Acute Renal Failure: Prevention and Treatment

  Conditions that commonly contribute to medullary ischemia include decreased volume or pressure, exposure to nonsteroidal anti-inflammatory medications and dyes, and sepsis. What is known to work to prevent ARF is avoidance of nephrotoxins, any decrease in perfusion, provision of adequate hydration, and possibly once-a-day dosing of aminoglycosides.[4] What has not been demonstrated to be of benefit is the use of diuretics or dopamine.[1,5,6] Loop diuretics do not work to prevent dye- or ischemic-related renal injuries. Similarly, the preponderance of evidence to date, including a placebo-controlled randomized trial with 328 ICU patients[5] and a meta-analysis that included 18 randomized clinical trials,[6] found no change in mortality, incidence of renal failure, or need for dialysis with dopamine. While dopamine can increase urine output via several mechanisms, including vasodilatation through DA-1 receptors, increased cardiac output via beta-receptor stimulation, increased renal perfusion pressure via alpha-receptor effects, and inhibition of Na-K ATPase at the tubular epithelial level, there is no increase in medullary oxygenation. Indeed, the increased delivery of solutes to the distal tubule increases medullary work and, hence, may worsen ischemia. Dopamine may also increase bowel mucosal ischemia as well as causing tachyarrhythmias and pulmonary shunting.[7] Similarly, other agents, including other DA-1 agonists, atrial natriuretic peptide analogs, and adenosine or calcium antagonists, have not been shown to be effective in preventing renal failure.
  A possible exception to the general lack of demonstrated efficacy from medications is the potential benefit demonstrated with the use of acetylcysteine in the prevention of radiographic contrast agent-induced reductions in renal function.[8] When used along with hydration, a lower incidence of renal dysfunction was seen in the active treatment group (n = 41), which received acetylcysteine twice daily on the day before and day of contrast agent administration. However, other antioxidants have not demonstrated benefit.
  Once established, the treatment for renal failure has 2 primary goals: reversing the renal failure and preventing death. RRT represents the mainstay of therapy, with recent evidence supporting the concept that increased dialysis dose is associated with increased survival.[9] The potential benefit of continuous vs intermittent renal replacement techniques (CRRT vs.
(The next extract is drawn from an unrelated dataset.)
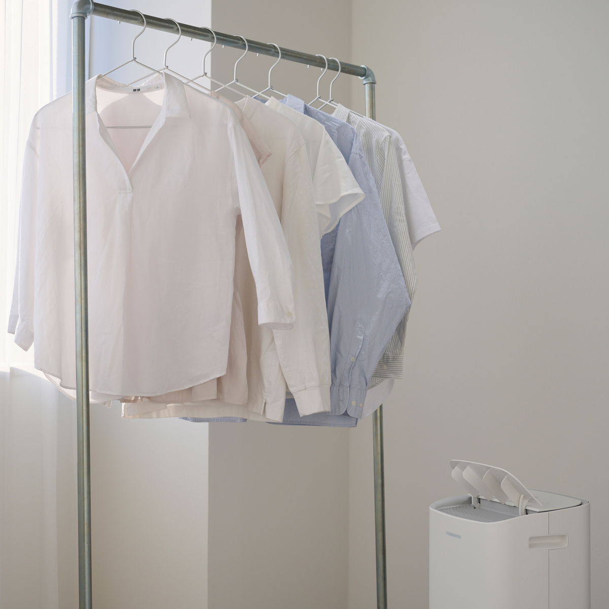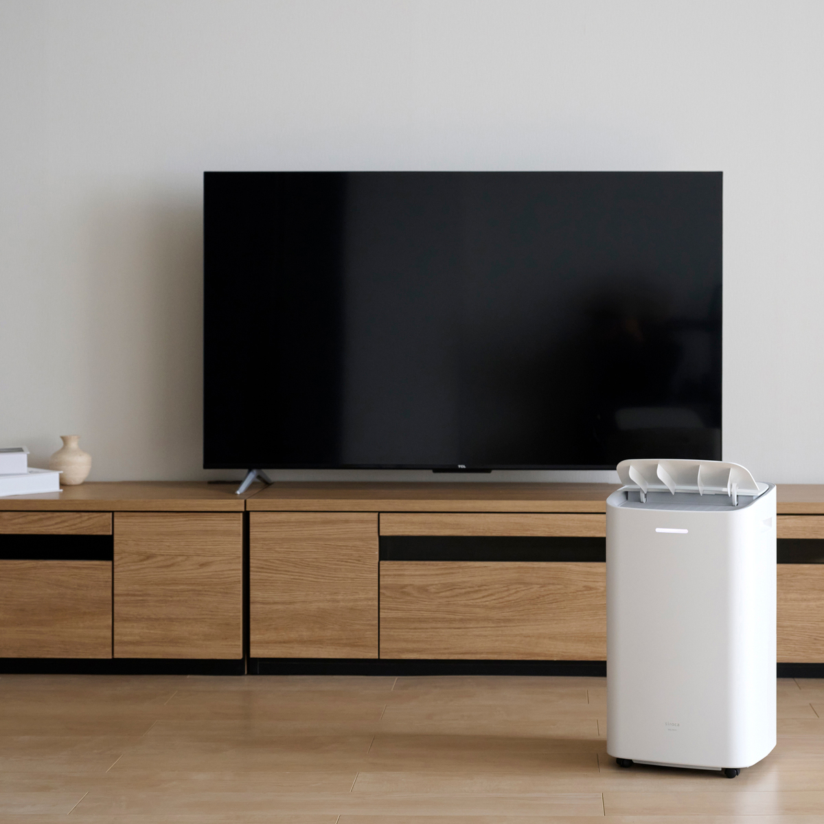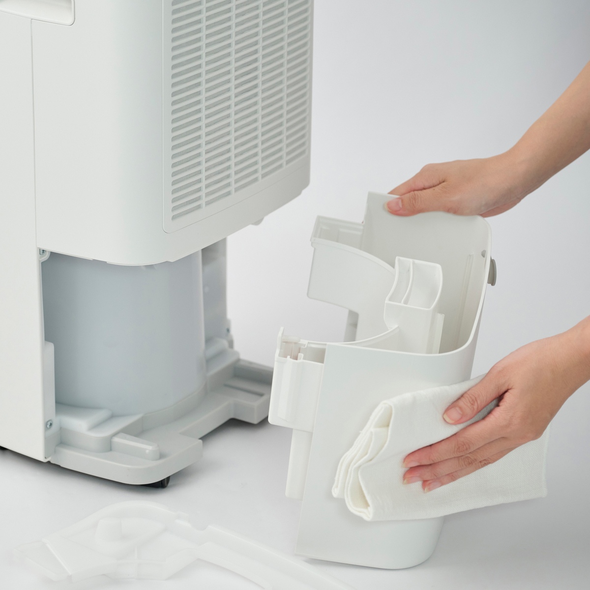 省スペース設計のコンプレッサー式除湿機です。使うときも使わないときも場所を取りにくく、限られた場所にも収納しやすいコンパクトサイズ。さまざまな場所の湿気対策に役立ちます*

IHD) was discussed and remains an issue under active debate. Membrane biocompatibility is well established as an important factor that influences outcome, with synthetic membranes demonstrating superiority over cellulose membranes.
  Dr. Kellum noted that despite an increase in the number of patients developing ARF, the advances made in the understanding of renal physiology, and technical capabilities, consensus regarding optimal therapeutic strategies remains lacking. In an attempt to standardize care and to direct further research, the Acute Dialysis Quality Initiative (which can be accessed at www.adqi.com) was developed.